OPINI : Kontradiksi Data Inflasi Tahun 2024
Jakarta, FreedomNews - Mengawali 2024, publik disuguhi data inflasi yang kontradiktif. Di satu sisi, Badan Pusat Statistik (BPS) merilis data inflasi Desember 2023 ‘hanya’ 2,61% secara tahunan. Kinerja inflasi 2023 itu merupakan level terendah dalam 20 tahun terakhir, di luar episode pandemi 2020 hingga 2022. Di sisi lain, BPS juga melaporkan inflasi bulanan Desember 2023 mencapai 0,41%. Inflasi di pengujung tahun itu sekaligus menobatkannya yang tertinggi sepanjang 2023. Kekontrasan inflasi tahunan tertinggi versus inflasi bulanan terendah menimbulkan polemik perihal performa riil inflasi Indonesia.
Rendahnya inflasi tahunan tersebut boleh jadi karena keberhasilan otoritas ekonomi dalam mengendalikan inflasi. Ruang gerak Bank Indonesia yang terbatas di area permintaan terimbangi oleh bauran kebijakan kementerian/lembaga terkait dari sisi pasokan sehingga inflasi terjaga sesuai interval target. Kesuksesan menjinakkan inflasi tidaklah mengada-ada. Selama 2023, ketidakpastian global masih tinggi.

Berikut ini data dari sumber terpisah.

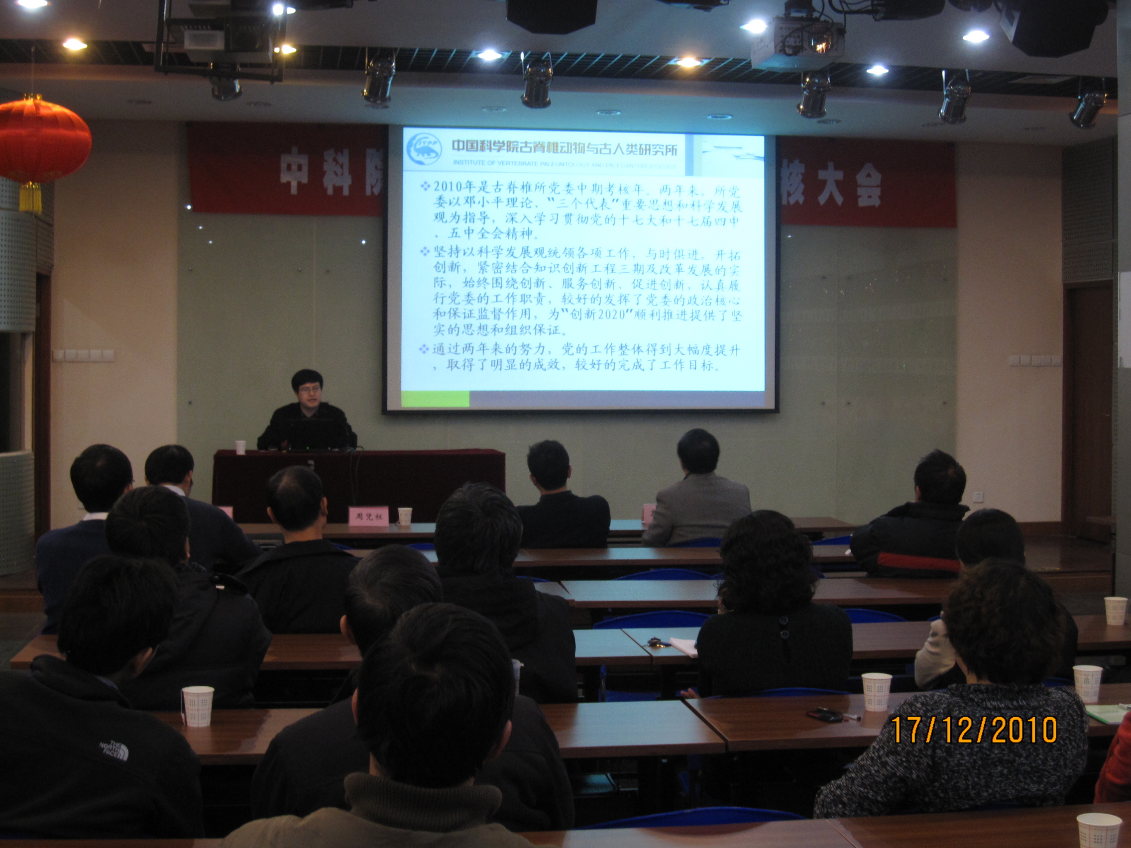 12月17日,古脊椎所召开党委届中考核大会。考核组由北京分院院长助理、京区党委组织部部长肖建春带队。古脊椎所党委委员、纪委委员、党支部书记、各部门正副处长(正副主任)、副研以上科技人员、工会职代会常委、民主党派代表人士、团总支书记、妇委会主任等参加了会议。会议由肖建春同志主持。

Persaingan hegemoni antara Amerika-China, konflik di Eropa Timur, dan perang di Timur Tengah mengancam eskalasi global. Imbas faktor eksternal itu bermuara pada kenaikan harga komoditas impor.
Inflasi impor berpadu dengan fenomena El Niño yang berada di luar kendali. Kedua faktor eksogen tersebut berpotensi memicu gejolak inflasi domestik lebih liar lagi. Dengan demikian, rendahnya inflasi tahunan bisa dipandang sebagai buah sinergi kebijakan pengendalian inflasi lintas sektor. Namun, rendahnya inflasi tahunan 2023 juga dimungkinkan lantaran basisnya yang sudah tinggi. Pada 2022, misalnya, ada kenaikan harga bahan bakar minyak (BBM) bersubsidi. Sesuai tenggat durasinya, tingkat inflasi menurun gradual berselang satu tahun setelah kenaikan harga BBM tadi.
Sementara, tingginya inflasi bulanan pada Desember 2023 didorong oleh harga pangan bergejolak (volatile foods). Harga cabai merah, cabai rawit, dan bawang merah terus menanjak dalam beberapa bulan terakhir. Lonjakan harga itu menyusul harga beras yang sudah lebih dahulu melejit. Alhasil, inflasi sejatinya masih menyimpan ‘bom waktu’. Ledakan inflasi pangan yang sebelumnya berpola siklikal, musiman, dan temporer bergeser ke mode permanen yang menuntut solusi ekstra. Jelasnya, klaim keberhasilan pengendalian inflasi masih bisa diperdebatkan.
Terlepas dari keabsahan klaim di atas, kontradiksi kinerja inflasi tahunan dan bulanan bertalian dengan rentang waktu. Hasil pengukuran inflasi tahunan (mencakup 12 bulan ke belakang) biasanya lebih ‘halus’ sehingga menafikan ‘lekuk’ kinerja inflasi bulanan yang merentang hanya 1 bulan. Kinerja inflasi juga sensitif dengan tonggak indeks harga konsumen (IHK). Inflasi toh dikalkulasi dari persentase kenaikan IHK. Tahun dasar IHK yang digunakan dalam penghitungan inflasi 2023 adalah 2018. Basis 2018 merujuk pada Survei Biaya Hidup (SBH) pada tahun yang sama.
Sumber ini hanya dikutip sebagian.